SUPPLIED DATA START

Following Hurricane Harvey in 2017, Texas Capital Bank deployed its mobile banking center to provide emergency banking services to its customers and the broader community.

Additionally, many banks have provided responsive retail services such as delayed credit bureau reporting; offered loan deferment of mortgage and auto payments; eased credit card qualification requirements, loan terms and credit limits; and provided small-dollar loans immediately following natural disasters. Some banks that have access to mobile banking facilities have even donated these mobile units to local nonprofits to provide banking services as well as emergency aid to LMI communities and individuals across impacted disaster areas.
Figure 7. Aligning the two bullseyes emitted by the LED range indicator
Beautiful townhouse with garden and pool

SUPPLIED DATA END
SUPPLIED DATA START

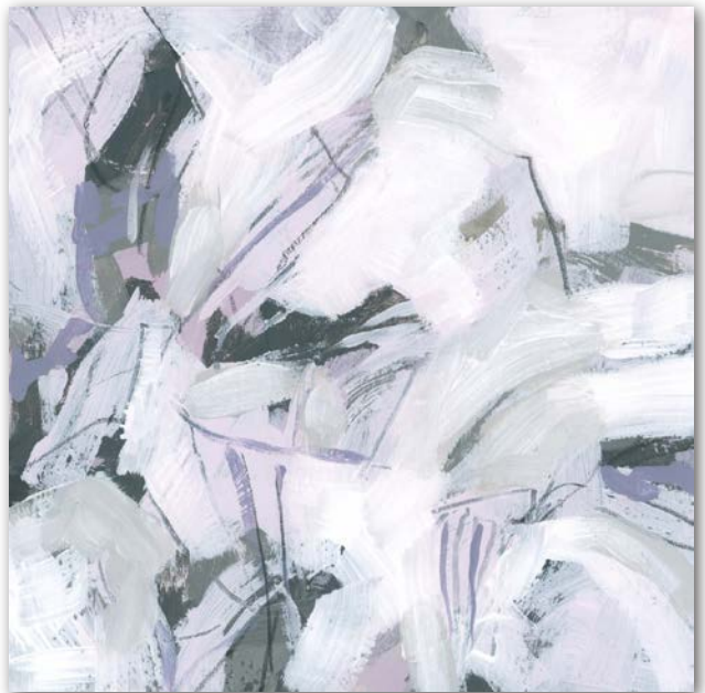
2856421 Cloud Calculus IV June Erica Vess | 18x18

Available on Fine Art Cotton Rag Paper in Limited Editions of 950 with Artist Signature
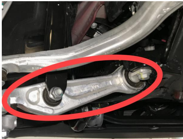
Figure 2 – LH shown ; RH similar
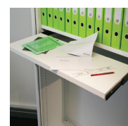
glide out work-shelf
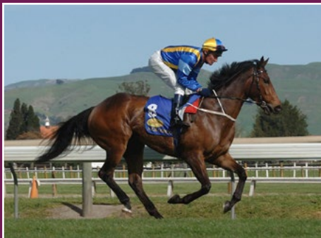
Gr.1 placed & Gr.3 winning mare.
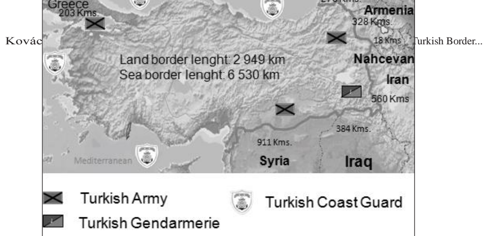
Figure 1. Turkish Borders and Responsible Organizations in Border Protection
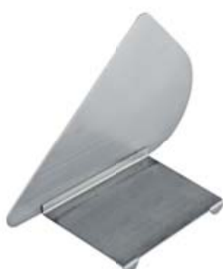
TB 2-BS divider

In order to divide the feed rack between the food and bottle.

SUPPLIED DATA END

# WHAT TO PRODUCE
Only one part of the material above is wanted: the lines from the one with "glide out work-shelf" up to and including the one with "In order to". Please copy them exactly, pictures left out.

# SOLUTION BELOW
glide out work-shelf
Gr.1 placed & Gr.3 winning mare.
Figure 1. Turkish Borders and Responsible Organizations in Border Protection
TB 2-BS divider

In order to divide the feed rack between the food and bottle.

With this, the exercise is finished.